Outposts of Historical Corpus Linguistics: From the Helsinki Corpus to a Proliferation of Resources

Jukka Tyrkkö, Matti Kilpiö, Terttu Nevalainen & Matti Rissanen
Research Unit for Variation, Contacts and Change in English (VARIENG), University of Helsinki

Over the last twenty years, corpora have become invaluable tools in the study of language history. By making it quick and relatively easy to find specific linguistic features, the corpora of today provide researchers with both qualitative and quantitative data in volumes that would have been unfathomable only a decade ago. Along the way, corpora have ushered in new methodological paradigms such as statistical and corpus-driven approaches which help us pinpoint important moments of language change and make us more aware than ever before of synchronic variation across social strata, regions, text types and genres. As the years pass and new methods are developed, the outposts of historical corpus linguistics move on to evermore exciting new frontiers.

The Helsinki Corpus Festival was held at the University of Helsinki at the end of September, 2011. The venue was the House of Sciences (Tieteiden talo), in the centre of our capital. The conference was organised by the Research Unit for Variation, Contacts, and Change in English (VARIENG) in celebration of the 20th anniversary of the Helsinki Corpus, the first historical corpus of English to have attempted a comprehensive representation of the language over a long time span. To our delight, colleagues and friends from all over the world joined us to mark the occasion and to discuss the state of the art today, twenty years on.

The subtitle of the Festival, ‘the past, present, and future of English historical corpora’, was more than justified by the wide scope of the presentations. Over four days of extraordinarily pleasant weather, papers were presented representing the entire field of historical corpus linguistics. Some dealt with specific research questions or theoretical issues, while others demonstrated new tools and resources. Plenary papers by Dawn Archer, Andreas Jucker, Merja Kytö and Geoffrey Leech identified major issues and challenges in the discipline and gave us all plenty of food for thought.

The history of English covers well over a thousand years, and the papers read at the Festival demonstrated that research is being done on that entire timeline. A strong selection of papers was read on Old English, Anglo-Latin and Middle English. Research on these periods has long traditions in Helsinki, and the thematic session showed that corpora and corpus methods have an important role to play in keeping these research topics alive and well. Issues in Early and Late Modern English were likewise covered by many papers, with the latter showing a particular revival of interest. Much of the innovative new research presented at the conference comes from early-career scholars. Some use established corpora like the Helsinki Corpus or ARCHER, while others have compiled new resources specific to particular research questions.

Naturally, the papers could be grouped together in more thematic ways as well.
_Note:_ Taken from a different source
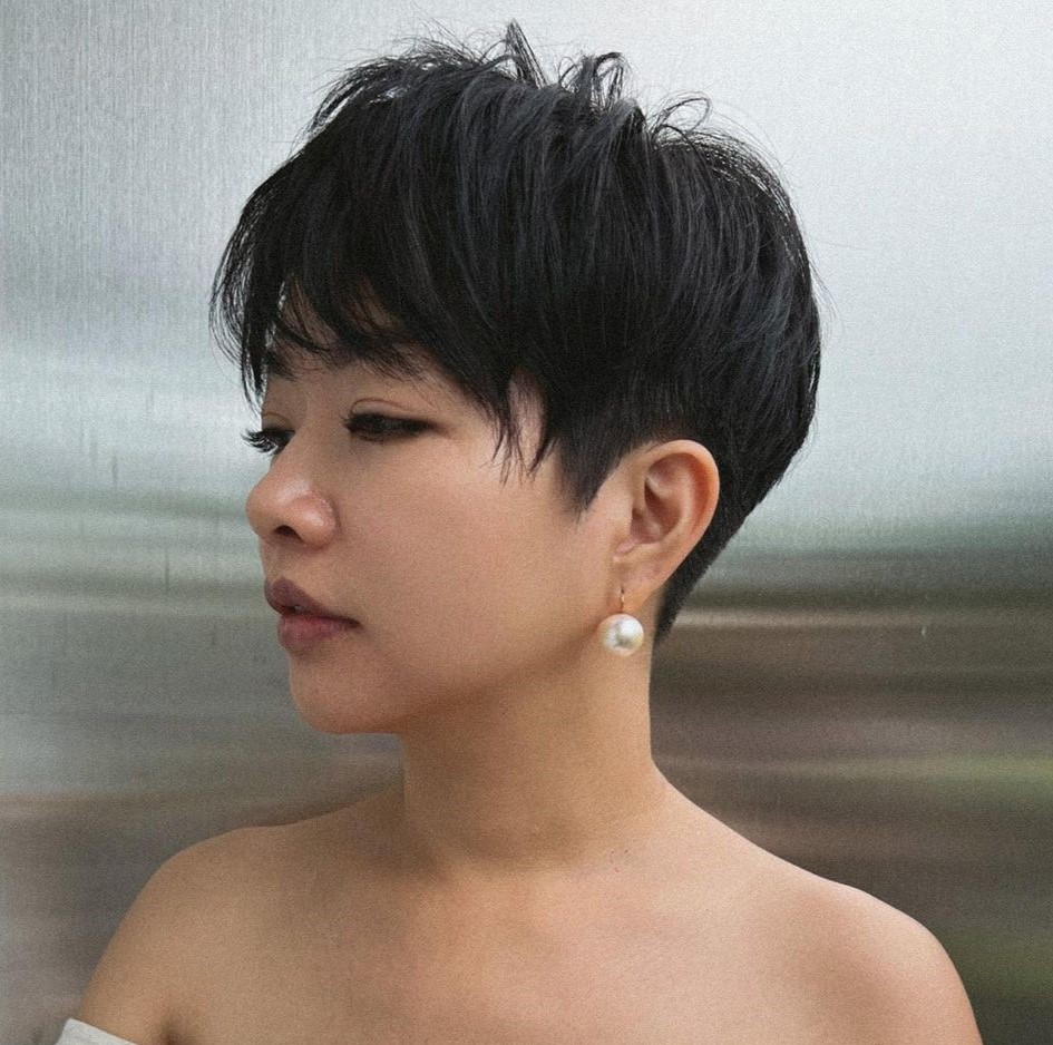 A tapered nape section with a long, side-swept fringe is a less extreme style compared to a bolder, disconnected, undercut chop. These elements give a softer touch to your conventional pixie cut.

With one of the special sessions devoted to the theme, areal and regional variation came across as one of the growth areas, resonating strongly with research carried out today on Present-Day English and charting the historical developments of areal varieties of English around the world. Focusing on earlier periods, researchers were also engaged in developing innovative methods for the study of Middle English dialectology. Another trend was the creation of new historical data sources, such as dictionary and grammar databases, to supplement the information provided by corpora and to enable new research questions, for example, about the relation between language change and standardization.

The challenges of corpus annotation were raised throughout the conference, with topics ranging from theoretical issues concerning the value of annotating corpora to notes on how best to encode specific linguistic or paratextual features. The need for, and challenges of, spelling standardization was raised in several papers, as was the call for tools better equipped for dealing with the many features particular to historical texts. Several contributors raised the importance of including typographic and layout features in corpora, as well as the need for universal standards. Methodological issues to do with parsing historical texts were also addressed, as were the various statistical tests used in evaluating the significance of research findings.

We, the editors, would like to express our gratitude to all the participants of the Helsinki Corpus Festival, to the organizing committee, our student helpers, and in particular of course to the authors who contributed to this volume, and to the referees who reviewed the papers with great expertise and dedication. The articles in this edited collection are in many cases substantially revised and expanded in comparison to the papers presented at the conference. The schedule was tight and the anonymous refereeing was comprehensive, but throughout the process we were delighted by the positive spirit of cooperation and good will of all those involved. We are particularly grateful to Joe McVeigh, our web editor, for his hard work and positive attitude, and for coming up with many good ideas on how to make best use of the many opportunities of online publishing.

The Helsinki Corpus of English Texts

The idea of creating the Helsinki Corpus of English Texts (HC) saw daylight in the first half of the 1980s. The time for this kind of ambitious project was particularly favourable: three factors coincided. For the first, the University of Helsinki decided to start a new generous funding programme supporting innovative research projects in all fields of research. For the second, computers – even “portable” computers weighing twenty kilos or so – were rapidly becoming popular in the academic world in Finland. For the third, at the English Department there were scholars specializing on the history of English and, most importantly, a number of exceptionally talented post-graduate students writing their dissertations on historical topics and keen and eager to apply corpus methodology in their research.

The first source of funding for the project was the Finnish Cultural Foundation, and the grant awarded made it possible to employ Merja Kytö as the project secretary. Her role in the compilation and completion of the corpus was most valuable. Soon after, the University and the Academy of Finland gave substantial financial support to the project. As a result of this funding and the enthusiastic work of the twenty or so project members, HC was completed and publicized in 1991.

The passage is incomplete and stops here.